Express an aggregate per capita using ABS ERP

Usage

ato_per_capita(x, year, erp = NULL)

Arguments

x

Numeric vector of aggregate values (same length as year).

year

Character vector of financial years.

erp

Optional override: data frame with columns financial_year and erp_june_australia_thousands.

Details

Divides the input by Estimated Resident Population at 30 June of the financial year's end (a stock measure). For flow-style measures where a mid-year-average population is preferable, substitute a custom ⁠erp =⁠ argument. ERP is ABS's preferred population-denominator concept for per-capita economic statistics (see cat. 3101.0 methodology).

Value

Numeric vector of per-capita values (same units as x per person).

References

Australian Bureau of Statistics (2024). National, State and Territory Population. Catalogue 3101.0.

See Also

Other harmonisation: ato_crosswalk(), ato_deflate(), ato_harmonise(), ato_reconcile(), ato_schema_map(), ato_to_taxstats()

Examples

# Income tax per person, 2022-23 FBO headline
ato_per_capita(316.4e9, "2022-23")

Petroleum Resource Rent Tax (PRRT) annual data

Description

Returns PRRT revenue and assessments. PRRT is a 40% tax on the profits of offshore petroleum projects; revenues are volatile and project-specific. Key dataset for resource-tax reform analysis.

Usage

ato_prrt(year = "latest")

Arguments

year

"YYYY-YY" or "latest".

Value

An ato_tbl.

Source

Australian Taxation Office Taxation Statistics Company. Licensed CC BY 2.5 AU.

References

Commonwealth of Australia. Petroleum Resource Rent Tax Assessment Act 1987. Enabling legislation for the 40 per cent rent tax on offshore petroleum projects.

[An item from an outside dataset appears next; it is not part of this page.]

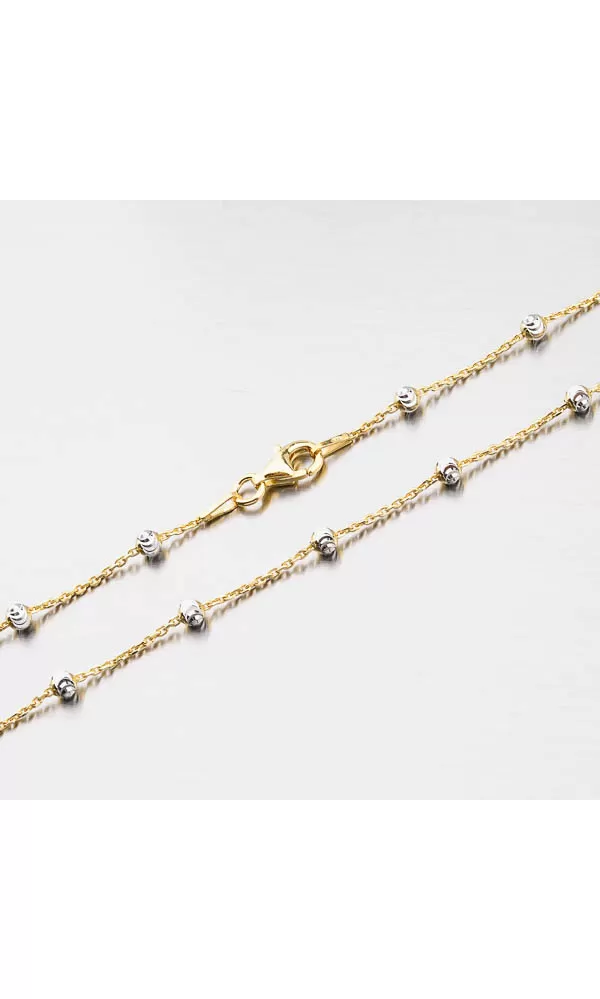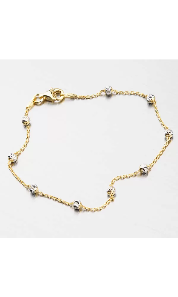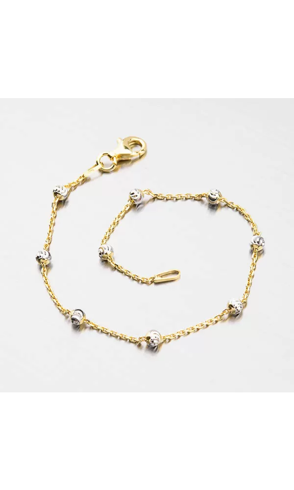 Jemný a zdobený dámsky náramok vám dokonale ozdobí zápästie. Náramok je zložený z klasickej retiazky a prívesky vo forme guličiek, ktoré sa pravidelne opakujú. Retiazka je upravená technikou zlatenia PVD, ktorá dodá retiazku odolnosť a farbu žltého zlata. Guličky sú zvýraznené gravírovaním, ktoré im dodáva lesk. Dámsky náramok je vyrobený zo striebra o rýdzosti 925/1000 v lesklej povrchovej úprave. Strieborný náramok zapnete karabínou.

Callaghan, M. (2017). Review of the Petroleum Resource Rent Tax. Treasury-commissioned review; reference for PRRT-reform analysis.

See Also

Other specialist: ato_compliance(), ato_division293(), ato_fuel_tax_credits(), ato_international(), ato_medicare_levy(), ato_rba(), ato_state_tax(), ato_tax_expenditures(), ato_whm()

Examples


op <- options(ato.cache_dir = tempdir())
try(ato_prrt(year = "2022-23"))
options(op)


RBA Commonwealth receipts (H1 statistical table)

Description

Pointer to the RBA's H1 series on Commonwealth receipts for long-run time series. RBA compiles since 1959-60, filling gaps in ATO Taxation Statistics which start 1994-95.

Usage

ato_rba(series = c("receipts", "income_tax"))

Arguments

series

One of "receipts" (default, all Commonwealth receipts by category) or "income_tax" (income tax only).

Details

The RBA publishes H1 as an XLSX with stable URL. This function fetches it and returns a tidy tibble.

Value

An ato_tbl.

Source

Reserve Bank of Australia Statistical Tables H1 https://www.rba.gov.au/statistics/tables/.

See Also

Other specialist: ato_compliance(), ato_division293(), ato_fuel_tax_credits(), ato_international(), ato_medicare_levy(), ato_prrt(), ato_state_tax(), ato_tax_expenditures(), ato_whm()

Examples


op <- options(ato.cache_dir = tempdir())
try(ato_rba(series = "receipts"))
options(op)


R&D Tax Incentive claimants

Description

Returns the annual "Report of data about Research and Development Tax Incentive entities": claimants, claimed expenditure, refundable and non-refundable tax offsets by industry and company size. Treasury and DISR use this series to evaluate the R&D Tax Incentive programme, which is the largest single element of Australia's business innovation policy (AUD 2 billion+ per year).

Usage

ato_rdti(year = "latest")

Arguments

year

Income year in "YYYY-YY" form (e.g. "2022-23") or "latest". Current releases cover 2021-22 and 2022-23.

Value

An ato_tbl with one row per entity (or aggregated cell, depending on the release schema). Monetary values in nominal AUD.

Source

Australian Taxation Office Research and Development Tax Incentive report. Licensed CC BY 2.5 AU.

References

Commonwealth of Australia. Income Tax Assessment Act 1997, Division 355 (Research and Development Tax Incentive).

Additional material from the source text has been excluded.